Task directions - Where the entries below show "жаль коника, який", begin there and print that line and all following lines exactly, through the last, omitting pictures.

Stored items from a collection

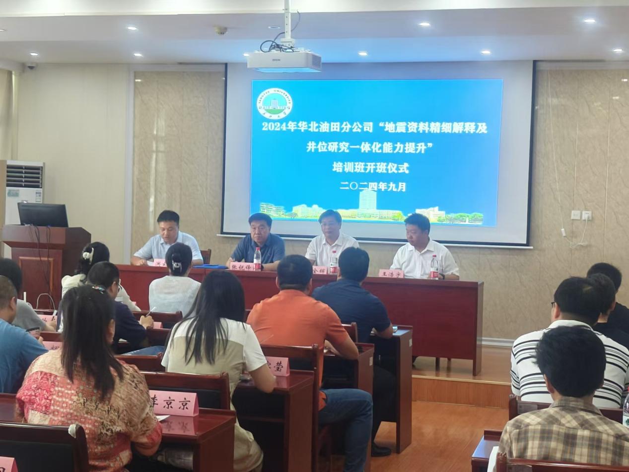 (通讯员 程玲)9月2日上午,华北油田分公司2024年“地震资料精细解释及井位研究一体化能力提升”培训班在武教B203开班。华北油田首席专家张锐锋、华北油田勘探事业部高级主管王浩宇,yl7703永利集团党委书记杨全辉、社会合作处副处长洪云飞出席开班仪式。
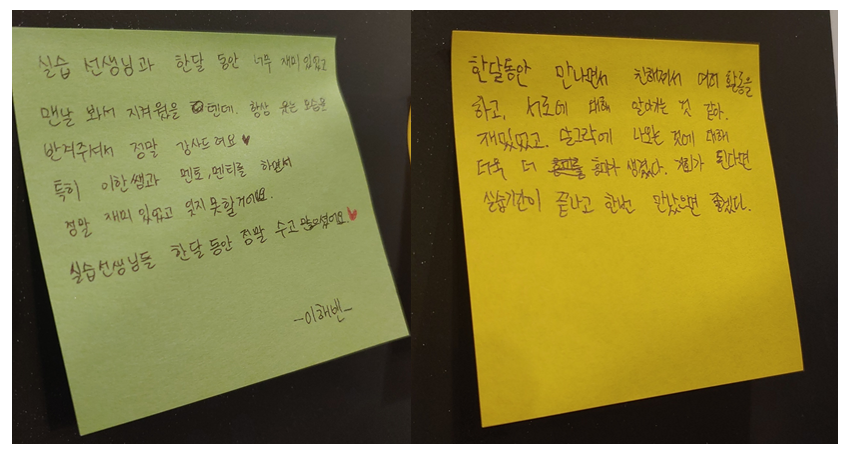 실습의 마지막날, 실습선생님들을 배웅하고 싶다며 연락이 왔습니다. 돌아가며 편지를 적고 있는데 꼭 만나서 주고싶다고 말입니다.
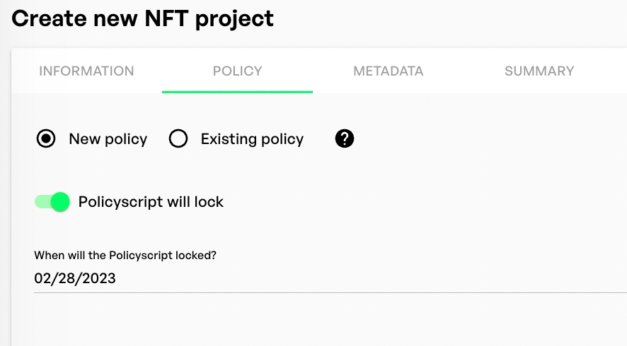 プロジェクトを作成する2番目のステップは、新しいポリシーIDを作成し、そのロック日を選択することです。上記の説明に従って、ロック日を慎重に選択してください。
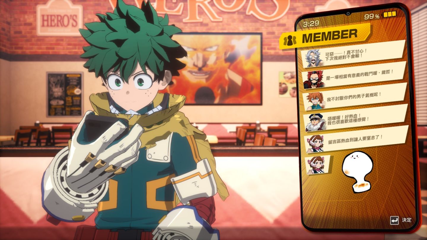 如果是對這三人以外的A班角色更感興趣的粉絲,那就不能錯過「英雄日誌」模式,這裡均採全語音規格製作,涵蓋戰鬥語音與劇情對話,可以看到雄英學生們在戰鬥之外的日常原創劇情。
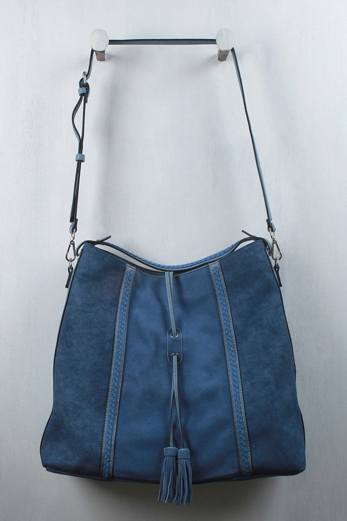 This stylish tote bag features faux suede, braided trim, tassel accents, and top zipper closure. Interior features pockets and floral lining. Bag is finished with removable adjustable shoulder strap (18" drop) and top handle (5.5" drop).
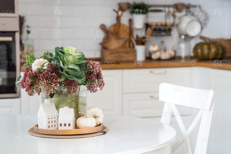 Натюрморт. Букет декоративной капусты в вазе, тыквы и белые домики на столе в интерьере домашней кухни. Уютная осенняя концепция
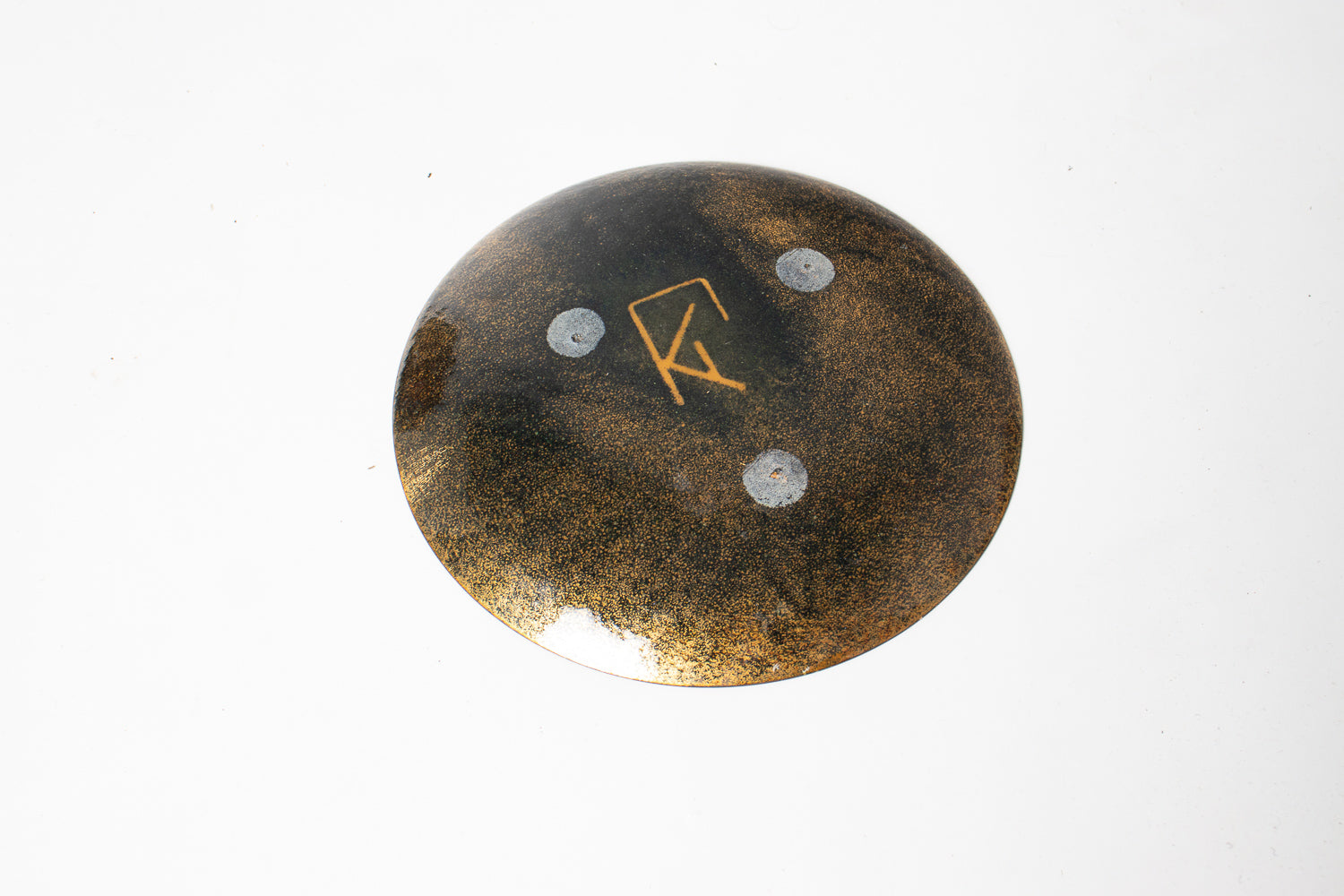 Set on copper and fired to a luminous gloss, the surface has depth and subtle texture, with tiny speckles and tonal shifts that reveal themselves as the light moves. The underside retains its original artist’s mark.
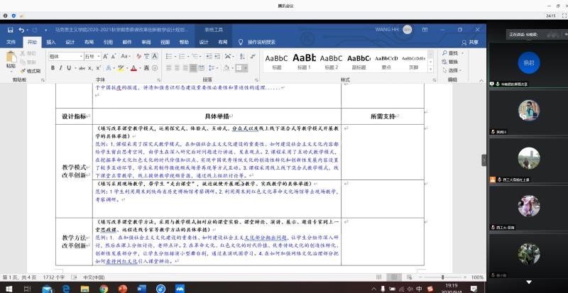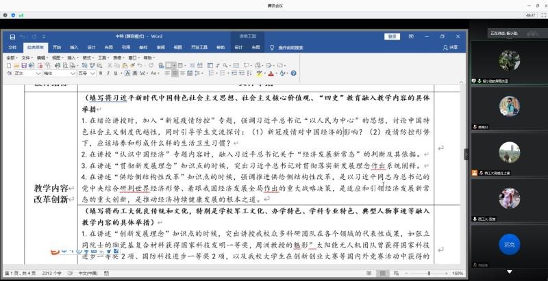 备课会首先进行分组说课,各位任课教师按照学院下发的《3044am永利集团2020-2021秋学期思政课改革创新教学设计规划表》,结合授课专题,从教学内容、教学模式、教学方式、教学资源等方面对课程创新点进行了充分规划设计。将习近平新时代中国特色社会主义思想、社会主义核心价值观、“四史”教育、西工大优良传统和文化、时政热点等有机融入课程,对探究式、体验式、互动式、分众式以及线上线下混合式、现场教学等教学模式以及课堂辩论、演讲、展示、邀请专家同上一堂思政课、远程连线专家、雨课堂信息技术手段运用等教学方法都进行了有效尝试,并充分挖掘慕课、优质教辅材料、视频资料等教学资源。四位点评教授分别对每位教师的说课从内容到形式进行了精彩点评。
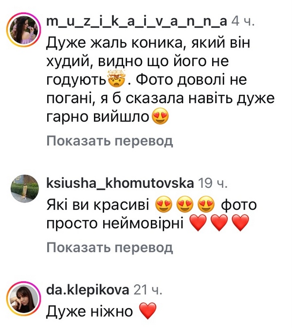 «Дуже жаль коника, який він худий, видно, що його не годують, — вирішили підписники. — Фото доволі непогані, я б сказала, навіть дуже гарно вийшло».
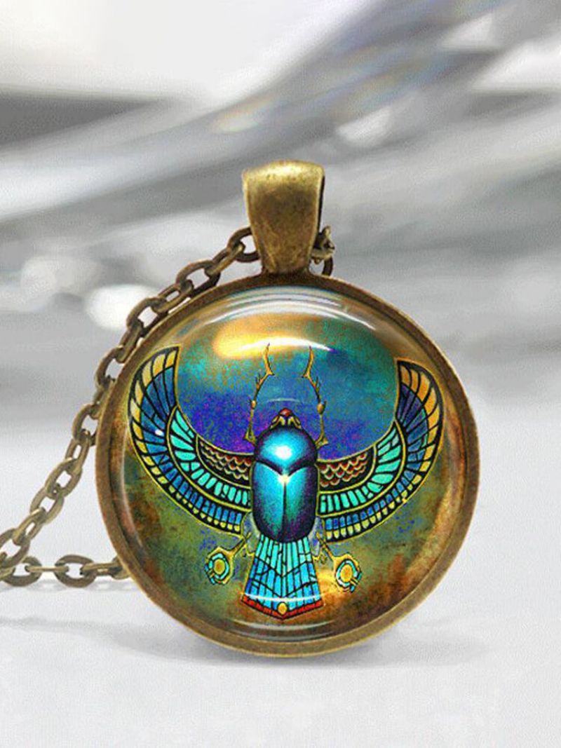 Vintage Staroegipatska Ženska Ogrlica S Privjeskom I Džemperom S Otisnutim Staklom
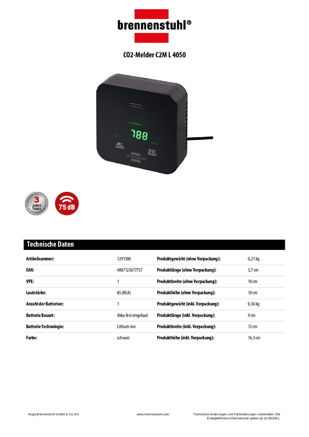 1291500 Miernik dwutlenku węgla Brennenstuhl C2M L 4050

Answer to the problem -
 «Дуже жаль коника, який він худий, видно, що його не годують, — вирішили підписники. — Фото доволі непогані, я б сказала, навіть дуже гарно вийшло».
 Vintage Staroegipatska Ženska Ogrlica S Privjeskom I Džemperom S Otisnutim Staklom
 1291500 Miernik dwutlenku węgla Brennenstuhl C2M L 4050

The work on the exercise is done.